In computer science, a hash function is a many-to-one function that takes lengthy input, massages it, and produces vastly shorter output of a fixed length, called the hash. While the output looks random, the function has no randomness, and the actual function is well-known to everyone. Identical inputs will always produce the same output. But if two inputs differ even slightly, they will have wildly different outputs—this is a design criteria for most hash functions. Similarly, we might require that if we know the hash (output), it is very hard to manufacture input to the hash function to produce that output. For the hash function used in git it is highly unlikely that two different inputs (commits) will produce the same output (hash). So the commit hash is similar to how we use fingerprints or retinal scans to identify humans. If you want to learn more, git uses the SHA-1 hash function, whose tamperproof properties were designed for use in cryptographic applications. It is no longer considered secure for that purpose, but works fine for use in git.

The input git uses to form the hash include things like your name, the date, the commit message, the changes in the commit, and most importantly, the commit hash of the previous commit in the sequence on the branch. This is similar to the blockchain technology used in BitCoin, and lately a darling of fintech (financial technology). A sequence of blocks of information and their hashes, each formed with input including the previous hash, makes it practically impossible to tamper with any one piece of information without radically disturbing every subsequent hash.

Return to the fast-forward merge above to see that there was absolutely no change in the information for each commit and there was no disruption in the sequence (chain) of commits. As explained, the only thing that really happened was that the master block pointer was changed to point to a new commit, the tip of the heroine branch.

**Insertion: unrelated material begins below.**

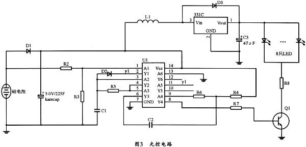 圖3中,U1為帶施密特觸發(fā)器的六反相器74HC14,其中的多諧振蕩器由第二個反相器與R5和C1構成。這樣,在白天光線變亮時,太陽能電池電壓升高,74HC14的1腳為高電平,74HC14的2腳為低電平,8腳同樣輸出低電平,三極管Q1截至,LED關斷。而當光線變暗時,太陽能電池電壓降低到一定程度時,HC14的1腳為低電平,HC14的2腳為高電平,多諧振蕩器開始振蕩,并經過Y4輸出高、低電平,Q2時而導通時而截至,此時只要調節(jié)R6和C1的值,以把閃光頻率調節(jié)到人眼不能分辨即可,這樣做的最大好處是可以延長草坪燈工作時間。經實際測試,該電路可以每天連續(xù)工作10小時以上,完全可以達到用戶的使用需求。
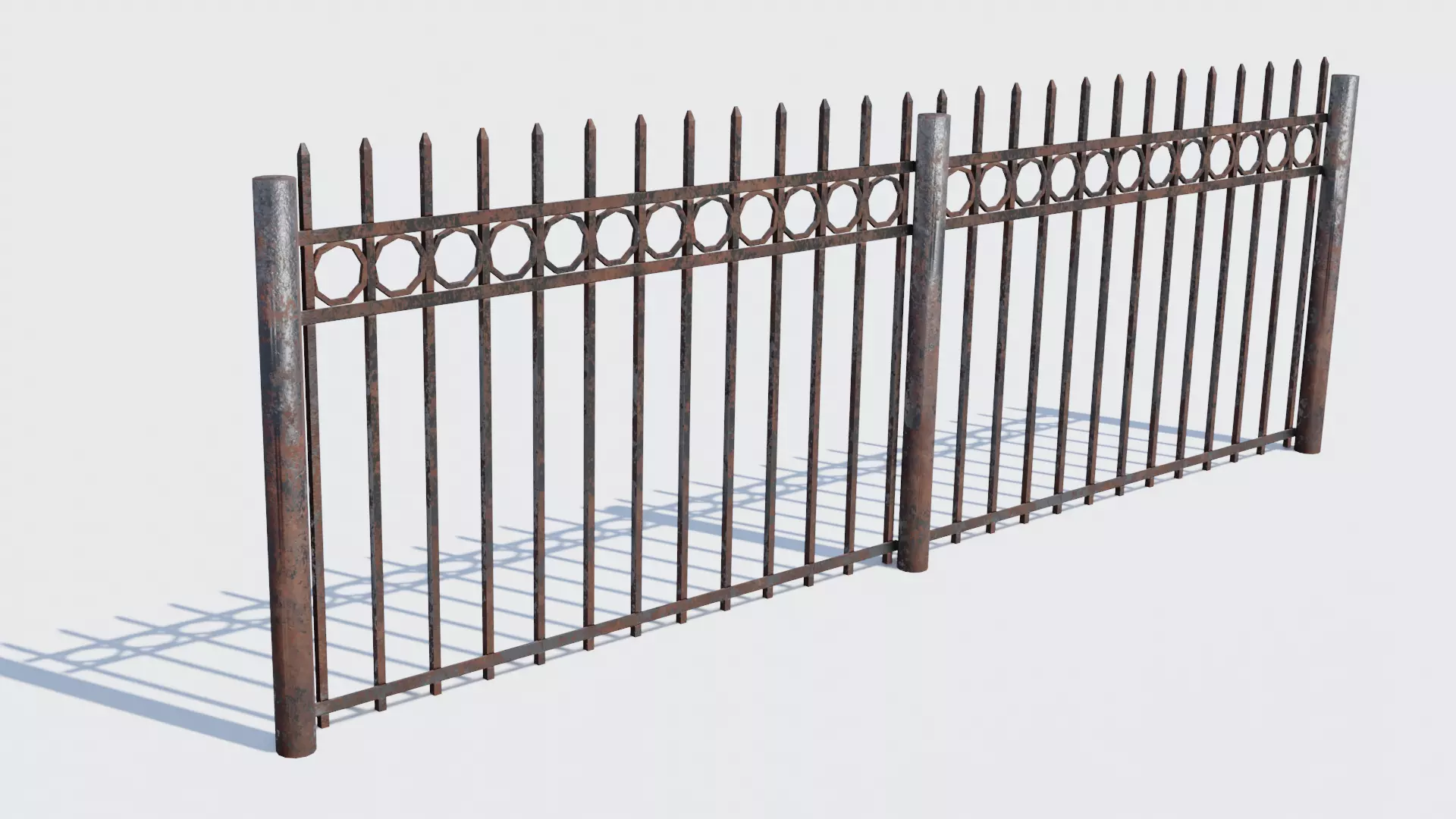 Old Rusty Fence, Game-ready PBR-Model.Post-apocalyptic exterior model.Texture maps 2048 x 2048:-baseColor,-height,-metallic,-normal,-occlusion,

Contrast that to when we rebased the hero branch onto the master branch that contained the typo fix. git rewound the commits on hero up to the old branch point, but then replayed them onto a commit (the tip of master) with a different commit hash. All of the replayed commits from the hero branch (we just had one) will have their commit hashes recomputed and will be radically different since the hash of the tip of master is an input to the first commit of the rewound branch. The previous hash(es) are meaningless (and lost to time). Notice that git updates the branch pointer hero to use a new hash from the tip of the replayed branch.

This is a principle that will be important once we get social and work with others.